Everytime I sit down to write these letters reflecting on the past year, I always feel like I have nothing to say at first and have  a “Really…did anything happen this year of note?” moment. Here is our letter from last year: Dear 35

Of course, once I start writing, I remember (which is really all the more reason to keep writing these letters).

 

So, 36

It seems as though each year you seem to have a few ‘big dreams’ you wish for each time. Falling in Love & Getting a Book Deal.

Then each year around this time you find yourself feeling the weight of what you didn’t achieve, that pressure you put on yourself.

This year as your birthday neared, you couldn’t help but notice that weight was missing.

Did those 2 things happen this year? No.

But maybe it is finally soaking into my bones that it isn’t about the final achievement

But rather the beauty & bravery in the work it takes to get there.

And that indeed you did do this year.

 

Soon after 36 started you found an agent, finished a book proposal and had an exciting meeting with a big publisher, all within the first half of the year.

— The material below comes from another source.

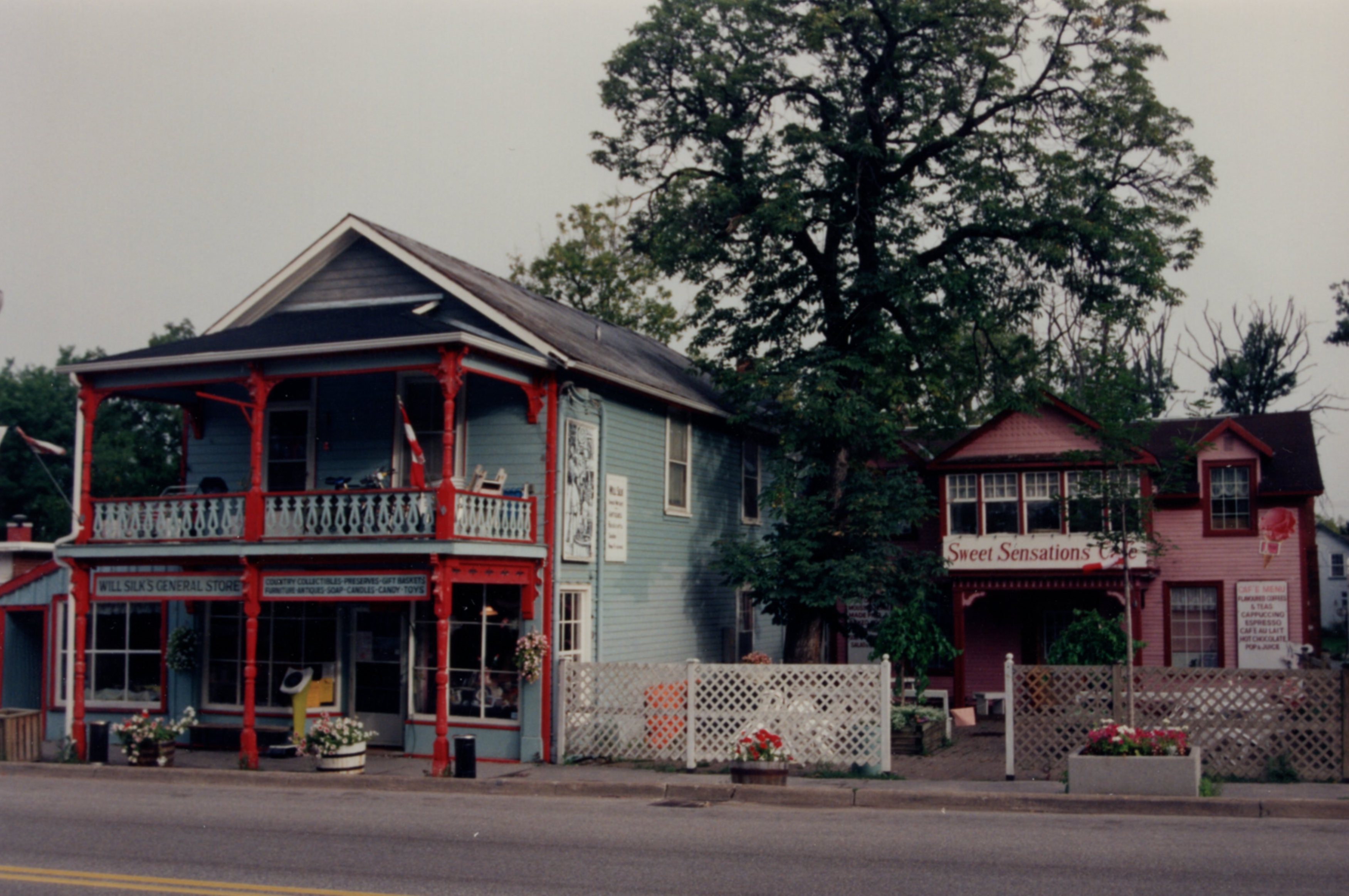 Photograph showing Will Silk's General Store painted blue with red beams. The house to the right is painted pink, it is an ice cream store called Sweet Sensations. Both houses are located on Main Street, in Cookstown.
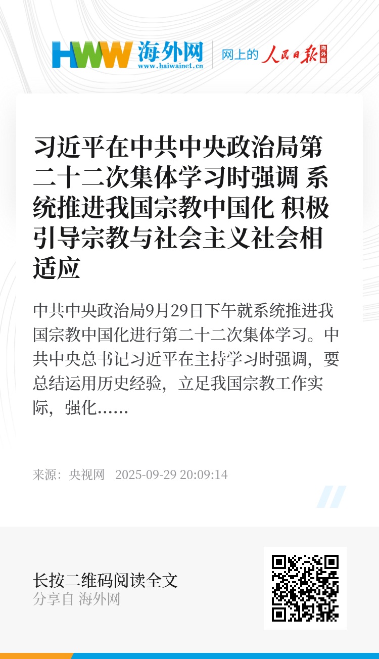 中共中央政治局9月29日下午就系统推进我国宗教中国化进行第二十二次集体学习。中共中央总书记习近平在主持学习时强调,要总结运用历史经验,立足我国宗教工作实际,强化系统观念,加强体制规范建设,加强综合治理,加强基层基础工作,系统推进我国宗教中国化,积极引导宗教与社会主义社会相适应。

While it didn’t lead to a YES, I am proud that you went for it none the less.

More than that, in fact, what I’m most proud of about this year is that you didn’t stop there.

You wrote and wrote.  36000+ words in fact (and growing quickly).

You aren’t waiting for someone to say YES to us, you are writing the book no matter what the outcome.

 

36 was good for the most part, even though at times it was pretty rough. It wouldn’t be a truthful letter to you without this part of the story of 36.

Midway through 36th you lost someone you have loved & been loved by all of those years. Grammy.

You been well acquainted with grief for a long time now, but this one was one of the roughest.

Some days all you could do to get through it was to walk, for hours. You lived in your grief for a bit rather than pushing it away.

You did your best and while I wondered if it might make this year so rough that I might not even want to write this letter, you did okay.

Your grief was woven with such gratitude because 36 years on the planet with a Grammy you adored is still a pretty lucky thing.

 

You travelled to places like Texas & Nashville & Portland & San Francisco. Sometimes you taught and sometimes you were a participant and both were amazing (a really really divine year of trips). You swam in a river in Texas. You jumped and danced on Muir Beach. You giggled so much with your nephew in Portland. You fell head over heels with Nashville & now have gorgeous red boots that remind you of that journey.

You still have that sweet meowing cat at home and as we well know, she won’t be with you forever (she has a chronic illness) so she too has been big lesson in gratitude in this lifetime. Plus she’s ridiculously cute and so sweet to come home to.

 

You probably read more this year than you have in a long long time.

About Body image, Self-love, Healthy at Every Size, Intuitive Eating.

You’ve been in full-on self-education mode and it feels really beautiful.

You got even clearer on what Be Your Own Beloved is about and where you want this work to go.

That this is your life mission, to help women heal their body image & stop waring with themselves.

 

You always kind of knew that life would get better with age. In fact it was something that gave you hope in your teens.

You had a sense that as you aged, despite the self-hate you felt at the time, you would grow into yourself.

And it is true. With each year I love you even more

And you live more of a life free of self-hate and shame with every orbit around the sun.

 

I guess that here at 37, that is one of the things I’m most proud of you for.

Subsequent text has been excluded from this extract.